Sometimes cute, sometimes annoying, chewing is a familiar issue for dog pawrents everywhere. From teething puppies to bored doggos, it’s likely that you’ll be dealing with your dog’s desire to chomp throughout their life. Because chewing is often seen as inappropriate or destructive, dog owners often overlook why they chew. However, chewing is an important part of canine development and behaviors and shouldn’t always be discouraged. 

Photo by Ayla Verschueren

The reasons dogs chew are varied, but there are ways to manage chewing to make it less frustrating for you but still satisfying for your pup. Below are some common reasons that dogs chew and how to provide appropriate alternatives for your chompy pooch. 

Teething When Young

Along with potty training and leash training, teething is just one of those things that can’t be avoided when dealing with young puppies. Chewing when teething is important for all mammals, and dogs are no exception. Not only does chewing help relieve any physical discomforts associated with chewing, puppies are also starting to practice an important skill when chewing -- learning to explore with their mouths (more on that in a bit). For teething related chewing, select a smaller toy that they can easily manage and won’t fall apart easily.

Exploration

Dogs learn about the world through smells, sounds, and tastes.
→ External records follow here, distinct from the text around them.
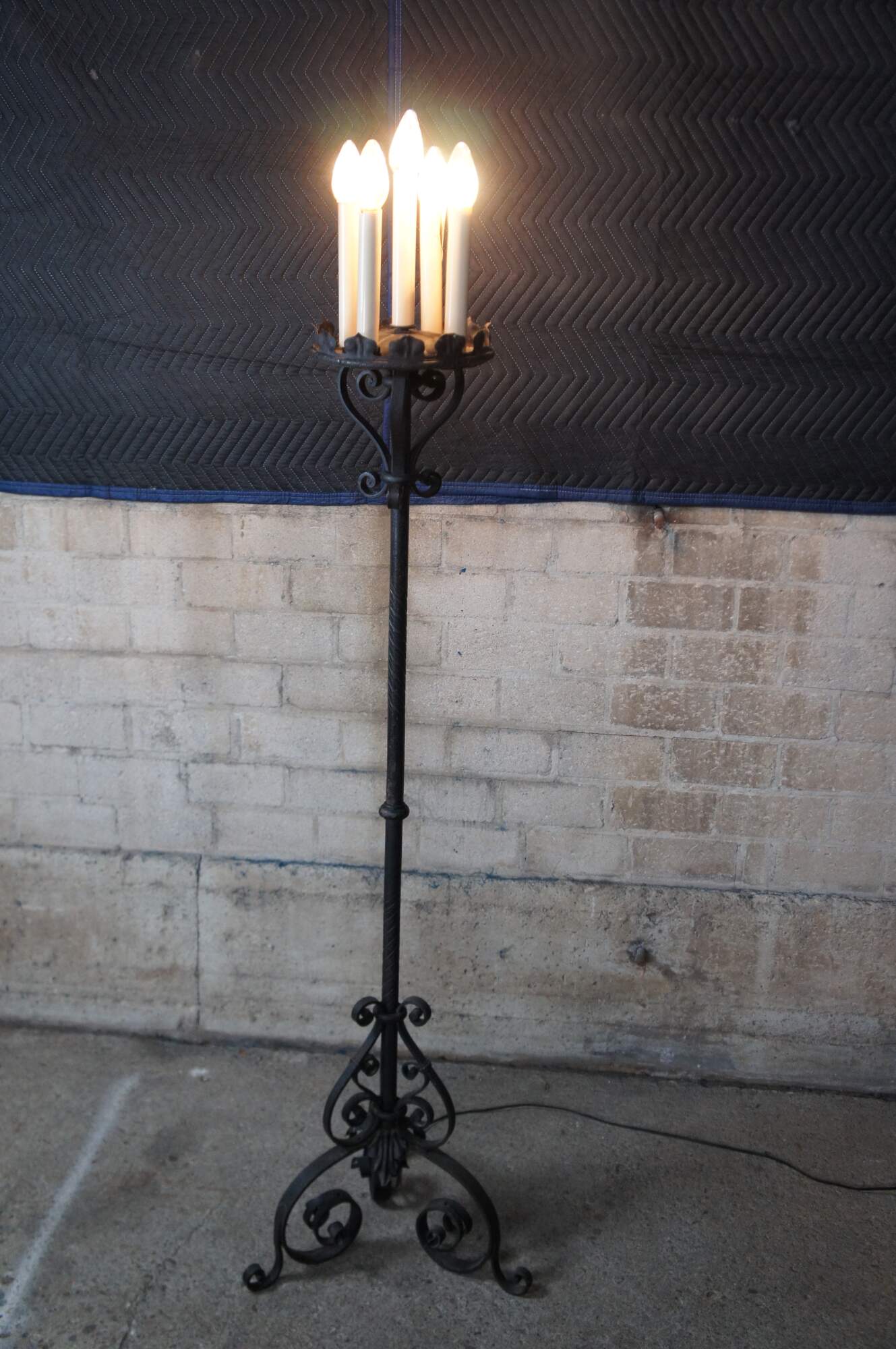 Very large and impressive early 20th century wrought / forged iron floor lamp featuring Gothic / Spanish styling with scrolled accents and five light torchiere candlestick candelabra.
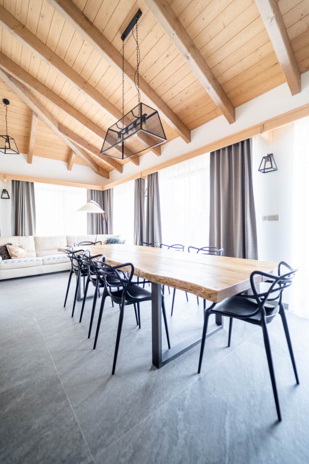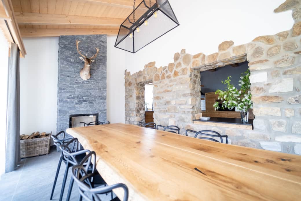 Grand Chalet avec 2 chambres + alcove avec 2 salles de bain et WC, un grand salon avec cheminée, une cuisine équipée, un espace sauna et douche. En extérieur, un patio abrité, parking, une air de jeux et un barbecue ainsi qu'une terrasse en bois avec Jacuzzi, salon et transats.
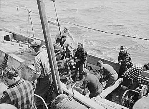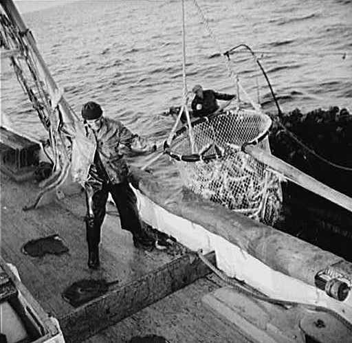 Gloucester, Massachusetts, U.S.A. | Date: June 1943 | Notes: "Francesco Parisi, youngest member of the Alden's crew, motioning for the skipper to hoist the large dip net over the side." Digital ID: 8d30580. | Contributed by: Courtesy of The Library of Congress
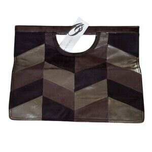 NWT Nine West Black Silver and Gray Patchwork Clutch Purse
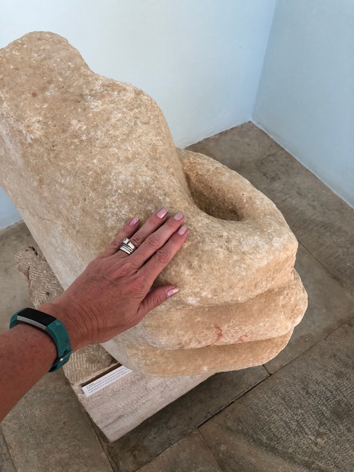 Over my right shoulder (on the left hand side of this picture) is the torso and over my left shoulder (on the right side of the picture) is the pelvis of the Colossus of the Naxians, which was a statue of Apollo which was approximately 9 meters in height, dating back to the early 6th century BC.

Chewing is one way that canines explore their environment. If you find your furry one gnawing on a random object like a bottle cap, chances are they’re just as curious as you are about what chewing it can offer. 

Habit

Chewing behavior may be unintentionally encouraged by providing a chew toy or treat as a reward during training such as after properly using the pee pad. There’s nothing inherently wrong with this, but sometimes this can defeat the purpose of training when dogs get overly eager and discontinue the behavior properly before asking for the treat. One option is to offer the toy but away from the pet potty. Instead of visibly holding the chew toy while your dog takes care of business, offer it in a different room only after they’ve successfully finished going on the wee wee pad. 

Boredom

Some bored pups prefer chewing when bored, because it provides a lot of stimulation. Smells, tastes, and sounds all come into play. Unfortunately, this can turn into destructive behavior if your dog is lacking mental stimulation. A treat ball or toy kills two birds with one stone in this situation. An interactive chew toy both encourages engaging in play and rewarding that behavior. 

Self-soothing

Chewing can become a self-soothing behavior for some dogs, and this can show up in the form of tail, nail, paw chewing. Dogs may self-soothe when stressed, anxious, or even bored. Try a flavorful bully stick for the ultimate chewing distraction or offer a chew toy that can be used with calming treats. 

Enjoyment

Some dogs simply love to chew and have chosen it as their favorite pastime! As mentioned, it’s a natural way canines explore the world and engage in play. While certain dogs love a good ol’ game of fetch, others prefer noshing on their favorite toy in bed. Just be sure to provide appropriate outlets for your pup’s age, size, and other needs or preferences.